Question:
It's very common to compare strings
, which is usually done by comparing for equality. However, today I have a need to compare the similarity between two strings
so that I can compare how similar they are.
For example:
"City" is different from "city", but is similar (consider c
!= C
).
"City" is different from "city" but is similar (assuming the user typed it wrong).
"city" is different from "city" but is similar (same thing).
My question is: how do I check the similarity between strings
? Is there a ready-made algorithm to do this?
I'm looking for a way to do this:
if(checkSimilarity("cidade","cdade") > 0.8)
{
// as duas strings são muito parecidas
// sendo que checkSimilarity() retornando 1 para strings iguais
}
It doesn't matter what programming language is used in the answer.

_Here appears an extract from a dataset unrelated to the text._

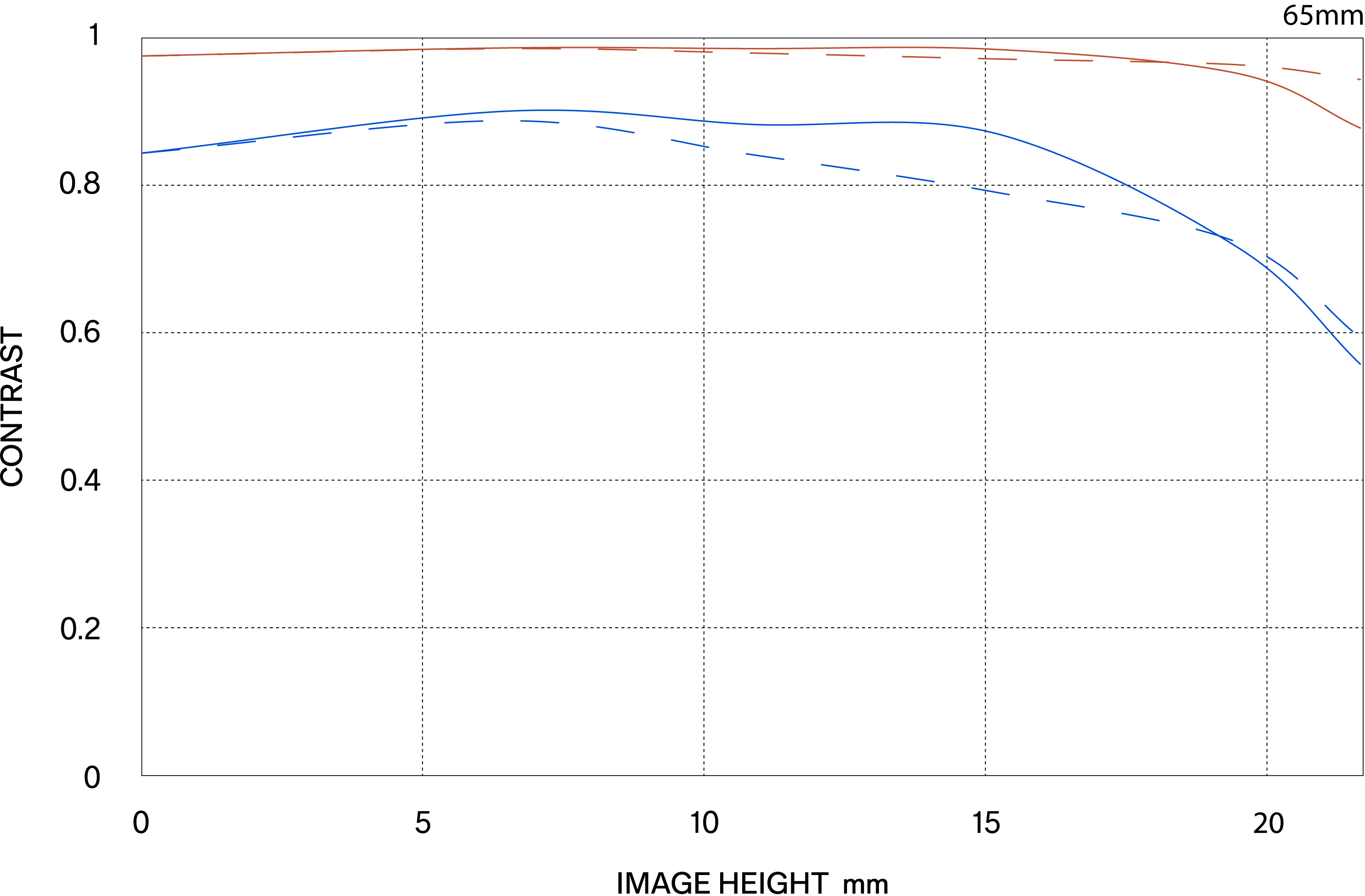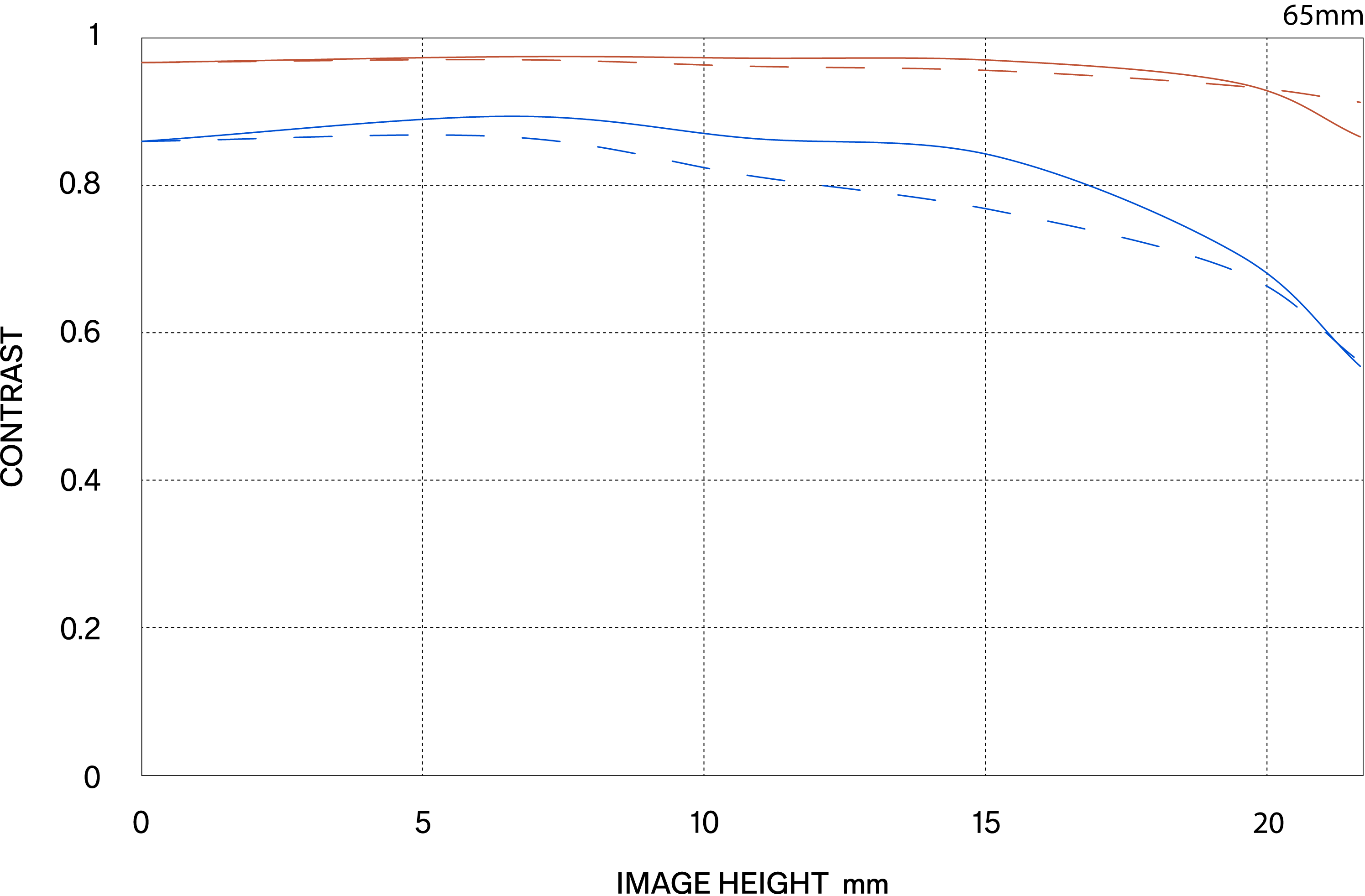 Die MTF (Modulation Transfer Function) ist eine der Messgrößen zur Bewertung der Objektivleistung. Sie zeigt, wie originalgetreu der Kontrast des Motivs auf der Bildebene wiedergegeben werden kann. Die horizontale Achse zeigt die Bildhöhe (Abstand von der Bildmitte in mm), die vertikale Achse den Kontrastwert (der Höchstwert beträgt 1).

My question is more related to the algorithm.
Answer:
I believe that Levenshtein's algorithm is a solution that works well for what you are intending to do, since with it it is possible to know the number of modifications that a word needs to go through before it equals the other.
A possible implementation of it (in C++) would be:
#include <iostream.h>
#include <string.h>
#include <math.h>
#include <algorithm>
using namespace std;
int VerificarSimilaridade(string palavra1, string palavra2)
{
int tam1 = palavra1.size();
int tam2 = palavra2.size();
int verif[tam1 + 1][tam2 + 1];
// Se uma das palavras tiver coprimento igual a zero, é necessária uma modificação do tamanho da outra:
if (tam1 == 0)
return tam2;
if (tam2 == 0)
return tam1;
// Atribuir ordem numérica resultante das palavras ao vetor de modo, respectivamente, "vertical" e "horizontal":
int i = 0;
while(i <= tam1)
verif[i][0] = i++;
int j = 0;
while(j <= tam2)
verif[0][j] = j++;
// Verificação:
for (int i = 1; i <= tam1; i++)
{
for (int j = 1; j <= tam2; j++)
{
// Definindo custos de modificação (deleção, inserção e substituição):
int custo = (palavra2[j - 1] == palavra1[i - 1]) ? 0 : 1;
verif[i][j] = min(
min(verif[i - 1][j] + 1, verif[i][j - 1] + 1),
verif[i - 1][j - 1] + custo);
}
}
return verif[tam1][tam2];
}
int main()
{
string pala1, pala2;
cout << "Informe a primeira palavra: " << endl;
cin >> pala1;
cout << "Informe a segunda palavra: " << endl;
cin >> pala2;
cout << "O numero de modificacoes necessarias para que as duas palavras se igualem e: "
<< VerificarSimilaridade(pala1, pala2) << endl;
system("pause");
return 0;
}
Furthermore, from the number of modifications you can create your own criteria to quantify the level of similarity between two strings; something interesting would be to calculate the percentage of change according to the length of the words, so through a degree of reference it would be possible to see that 5 modifications can have a high value in a string with 7 letters and, at the same time, low in a string with 200 for example.